Dötlingen „Luzies Erbe“: Dieser Titel unterscheidet sich von seinen Vorgängern „Tödlicher Kohldampf“, „Der letzte Weihnachtsmann“ oder „Insel, Wind und Tod“. Nein, diesmal sei es kein Krimi geworden, klärt die Autorin Helga Bürster auf. „Es ist ein Familien-Roman.“ Der erste, den die Dötlingerin geschrieben hat. Am 9. September erscheint das neue Werk. Die Geschichte spielt sowohl während des Zweiten Weltkriegs als auch in der Gegenwart.

Verbotene Liebe

Im Mittelpunkt steht Luzie Mazur. Die fast Hundertjährige hinterlässt ihrer Familie kurz vor ihrem Ableben fast ein Jahrhundert „Mazur’sches Schweigen“, wie es in der Buchbeschreibung heißt. Ihre Enkeltochter Johanne möchte mehr über die Geschichte erfahren. Möchte mehr wissen über ihre Großmutter, die sich als junge Frau in den polnischen Zwangsarbeiter Jurek verliebt hat. Möchte Frieden schließen mit der Geschichte ihrer Familie, mehr über eine Liebe erfahren, die nicht sein durfte. „Darauf stand damals die Todesstrafe“, weiß Bürster zu berichten, die seit 1996 freiberuflich als Schriftstellerin arbeitet. Mehrere Jahre recherchierte sie für die Geschichte und sprach mit Zeitzeugen. Genauer gesagt: mit ihren Großeltern. „Luzies Erbe“ basiert nämlich auf einer wahren Begebenheit. „Die Geschichte ist angelehnt an die Geschichte meiner Großeltern.“

Wann genau die Idee entstand, die Geschichte der mittlerweile verstorbenen Großeltern als Buchvorlage zu nutzen, kann Bürster nicht mehr genau sagen.
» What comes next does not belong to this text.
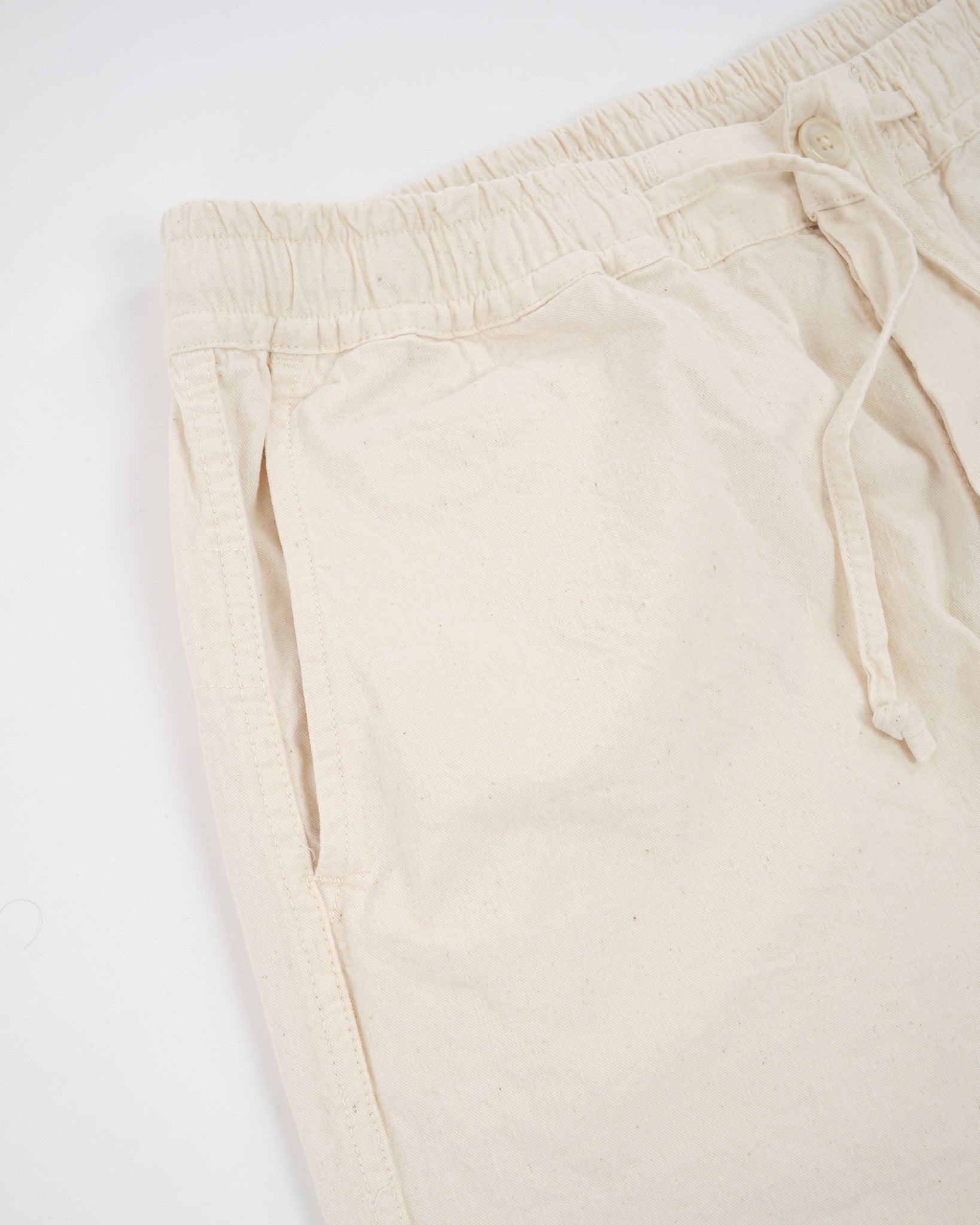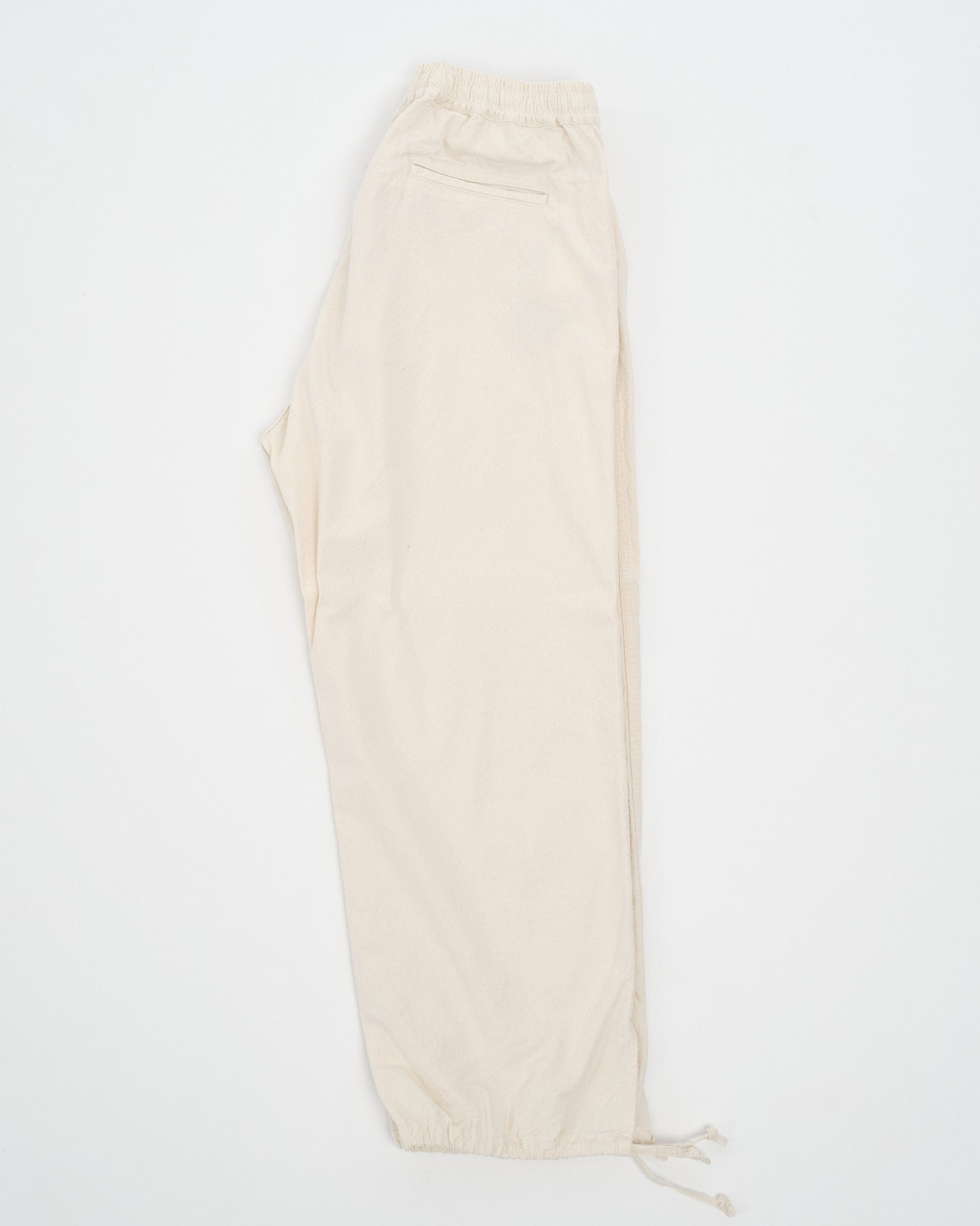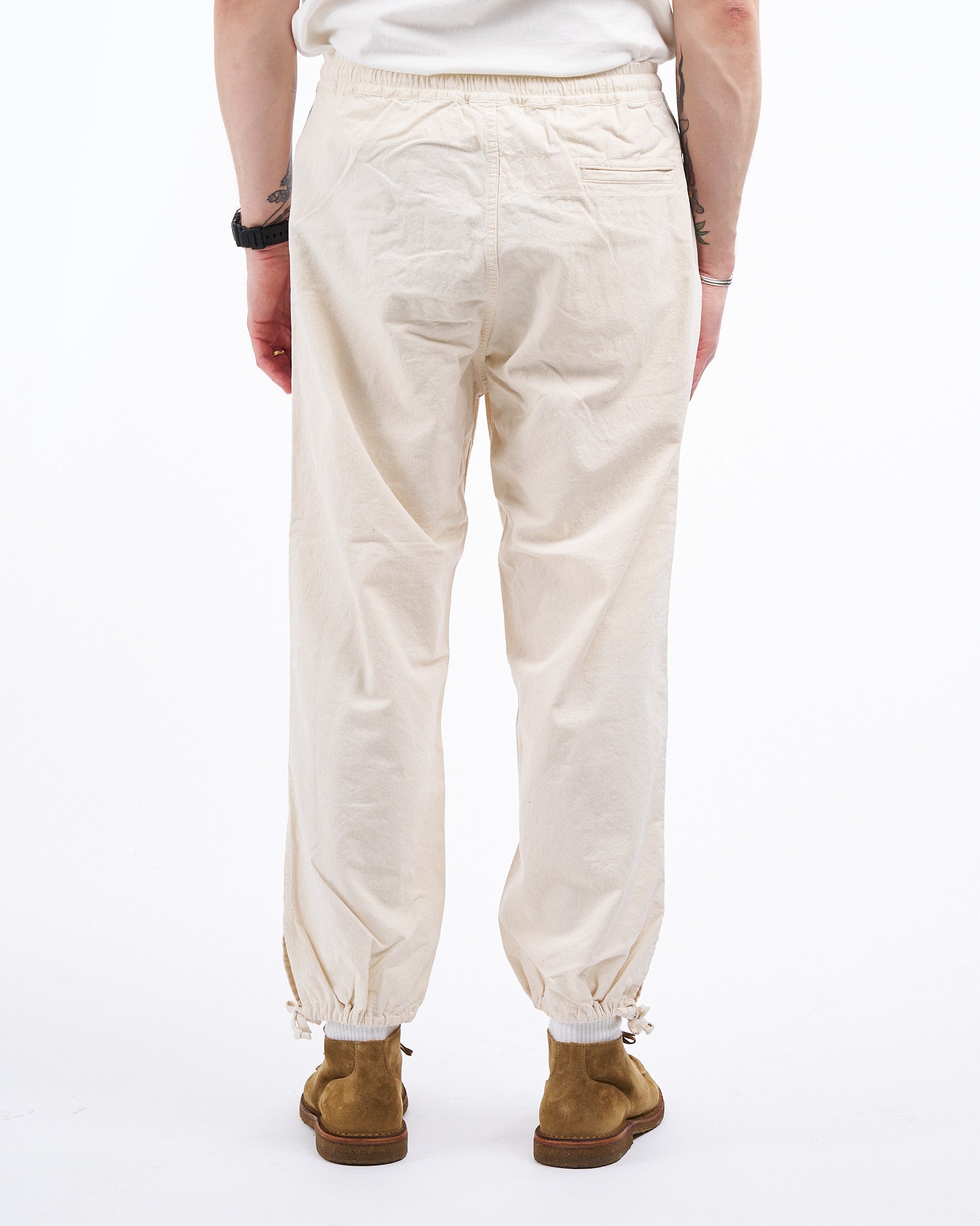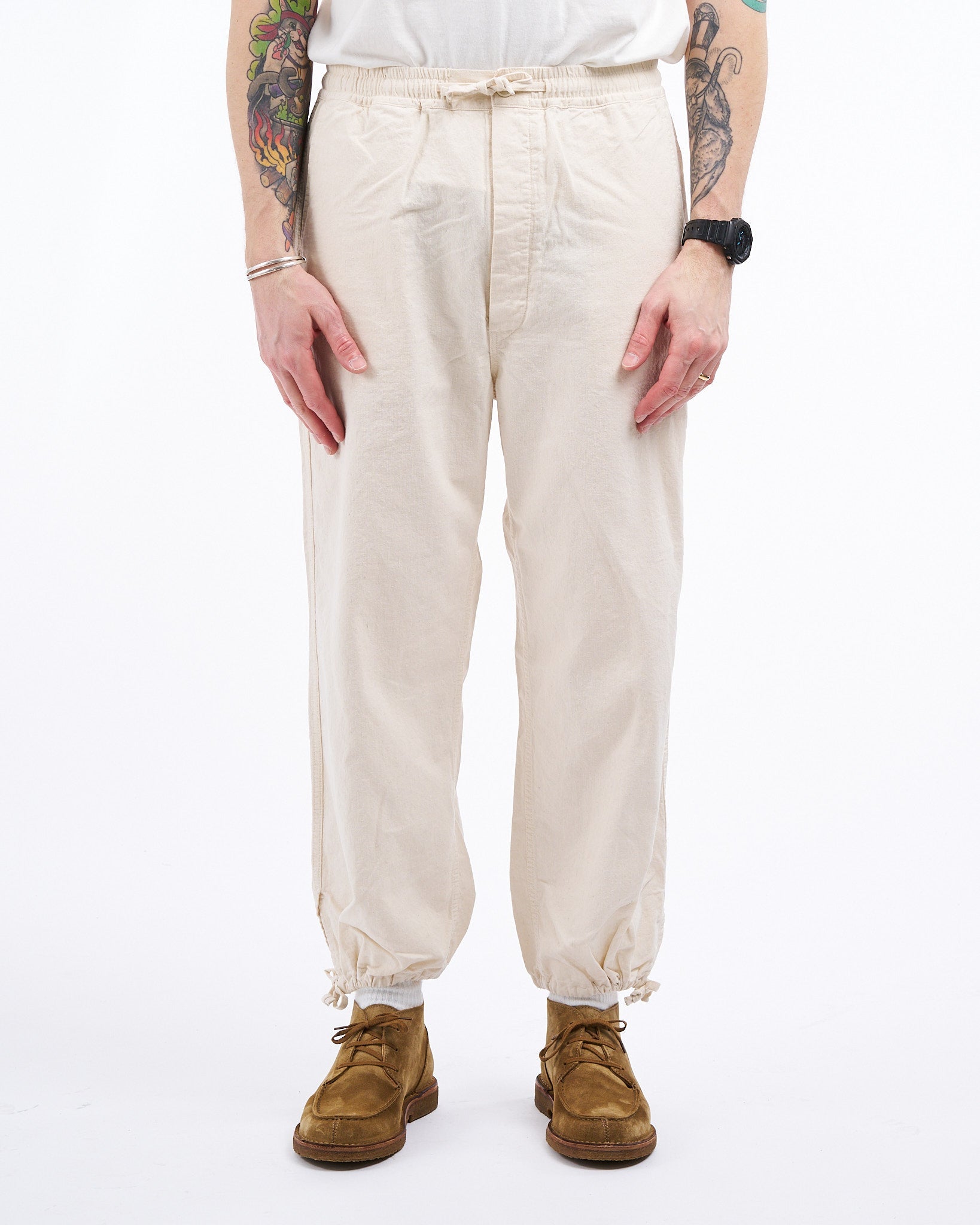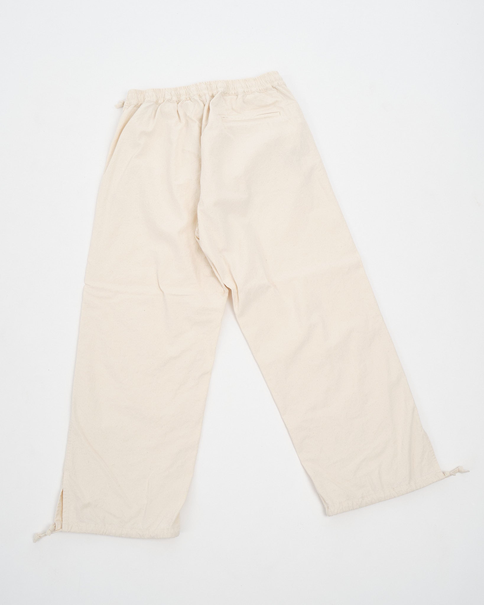 ORSLOW TAKUMI -HOUSUT värissä Ecru yhdistävät saumattomasti japanilaisen suunnittelun ikoniseen amerikkalaiseen työvaatteeseen, esitellen japanilaisen käsityötaidon asiantuntemusta. Ne on huolellisesti valmistettu Japanissa käyttäen kevyttä pesttyä denimiä, ja ne ilmentävät taiteellisuuden olemusta. Nukkainen tekstuuria lisää kosketuselementin, parantaen kokonaiskokemusta. Ottaen inspiraatiota asusteista, nämä housut sisältävät moderneja elementtejä, kuten viistot taskut vyötäröllä, joustavan vyötärönauhan, jossa on pidennetty nyöri ja hartsinappilistan. Todella ajaton pari, jossa on lyhennetty istuvuus ja säädettävät lahkeensuut, tehden siitä houkuttelevan ja monipuolisen vaatekappaleen.

Klar sei nur gewesen: Eines Tages würde sie sie schreiben. „Ich trage die Idee schon ewig mit mir herum.“ Für die Recherchen sprach sie mit den Großeltern, fuhr vereinzelt an Schauplätze in Polen, „alle Orte konnte ich nicht besuchen“. Sie informierte sich im Weltkriegsmuseum in Danzig, las Feldpostbriefe. „Ich versuche mich da reinzufühlen. Ich brauchte lange, um den richtigen Ton für die Geschichte zu finden – es ist wie bei der Musik.“ Mit dem richtigen Ton sei die Sprache gemeint. Und zu dieser gehört auch die Region um Dötlingen, in der die Geschichte unter anderem spielt. „Einige Dialoge sind auf Plattdeutsch.“

Zweiter Weltkrieg – ein heikles Thema für die Autorin? „Ich setze mir keine Schere in den Kopf“, stellt Bürster klar. Weil es Leute geben könnte, die sich an bestimmten Textpassagen oder Ausdrücken stören, sei dies für sie kein Grund, ihren Schreibstil zu ändern.

Ritterschlag für Autorin

Das Buch erscheint im Insel-Verlag. „Es ist dort der Spitzentitel“, freut sich Bürster. „Das ist der Ritterschlag.“  Helga Bürster stellt ihr neues Buch am 9. September im Klostermuseum in Hude vor. Organisiert wird die Lesung von Gerburg Schaller von der Buchhandlung „Lesen und mehr“. Beginn ist um 19 Uhr.

Weitere Lesungen folgen am 25. September, 19.30 Uhr, im Wildeshauser „Bökers am Markt“, sowie am 27. September, 19 Uhr, im Alten Rathaus in Ganderkesee. Organisiert wird der Abend in Ganderkesee von der Buchhandlung Förster.